Deer Valley Lodge, a ski resort in the Wasatch Mountains of Utah, has plans to eventually add five new chairlifts. Suppose that one lift costs $2 million, and preparing the slope and installing the lift costs another $1.3 million. The lift will allow 300 additional skiers on the slopes, but there are only 40 days a year when the extra capacity will be needed. (Assume that Deer park will sell all 300 lift tickets on those 40 days.) Running the new lift will cost $500 a day for the entire 200 days the lodge is open. Assume that the lift tickets at Deer Valley cost $55 a day. The new lift has an economic life of 20 years. 1. Assume that the before-tax required rate of return for Deer Valley is 14%. Compute the before-tax NPV of the new lift and advise the managers of Deer Valley about whether adding the lift will be a profitable investment.

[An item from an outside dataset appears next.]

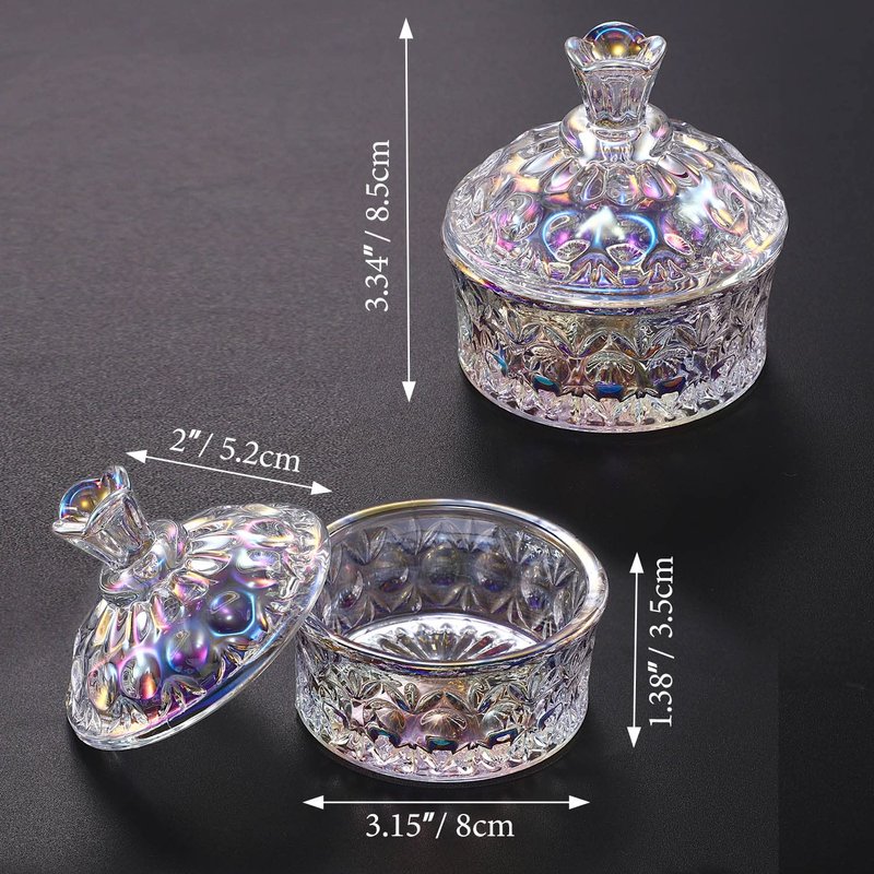Features & Benefits 🔮 Made of superior glass and featured with special design. 🔮 Durable crystal dappen dish looks fantastic in your work station with beautiful sharp body that fits all taste. 🔮 Perfect for liquids, powder, decorative beads, per your needs. 🔮 Glass lid to prevent liquid from volatilizing and contain the smell. Specifications: Material: Glass Color: Rainbow color Size: 7.9 x 8.2cm /3.1" x 3.2" Weight: 0.441 pounds Package: 1 x nail dappen dish with lid Note: Please allow a slight differences due to manual measurement.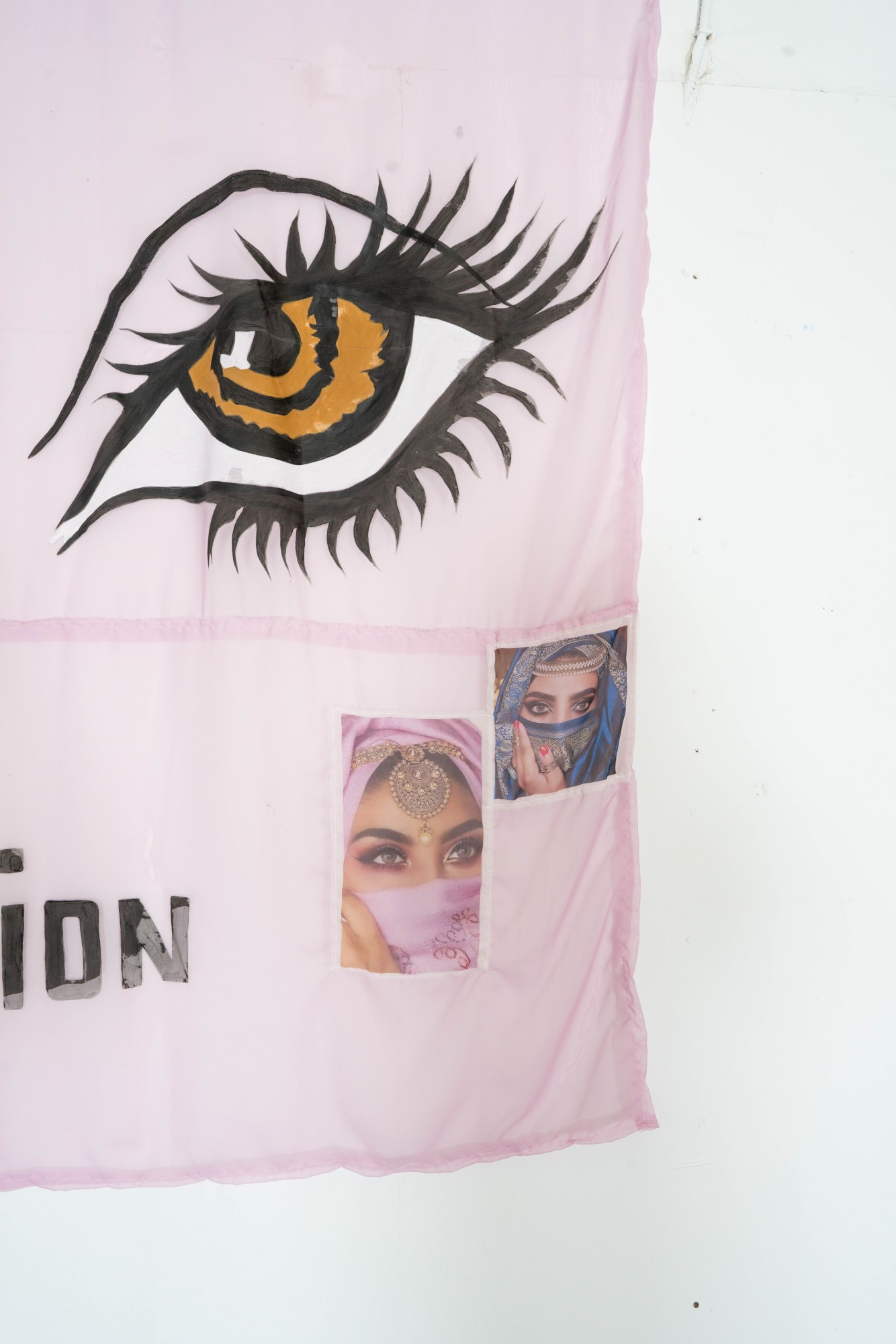 Sahar, Nail Salon and Eyelash Extensions #3 (detail). 2020 – chiffon, acrylic paint, and inkjet prints on silk – 122.5" x 85.5"

Show calculations to support your answer. 2. Assume that the after-tax required rate of return for Deer Valley is 8%, the income tax rate is 40%, and the MACRS recovery period is 10 years. Compute the after-tax NPV of the new lift and advise the managers of Deer Valley about whether adding the lift will be a profitable investment. Show calculations to support your answer. 3. What subjective factors would affect the investment decision? • The amount of the investment-
• The gross sales of tickets-
• The Total expenses-
• The yearly net income from investments
Investment = $2,000,000 + $1,300,000 = $3,300,000
Annual cash inflow = 300 skiers x 40 days x $55/skier-day = $660,000 Annual cash outflow
= (200 days x $500/day)+($5/skier-day x 300 x 40) = $160,000
PV of cash flows @ 14% = ($660,000 - $160,000) x 6.6231 = $3,311,550
NPV = $3,311,550 - $3,300,000 = $11,550
The new lift will create value of $11,550, so it is a profitable investment.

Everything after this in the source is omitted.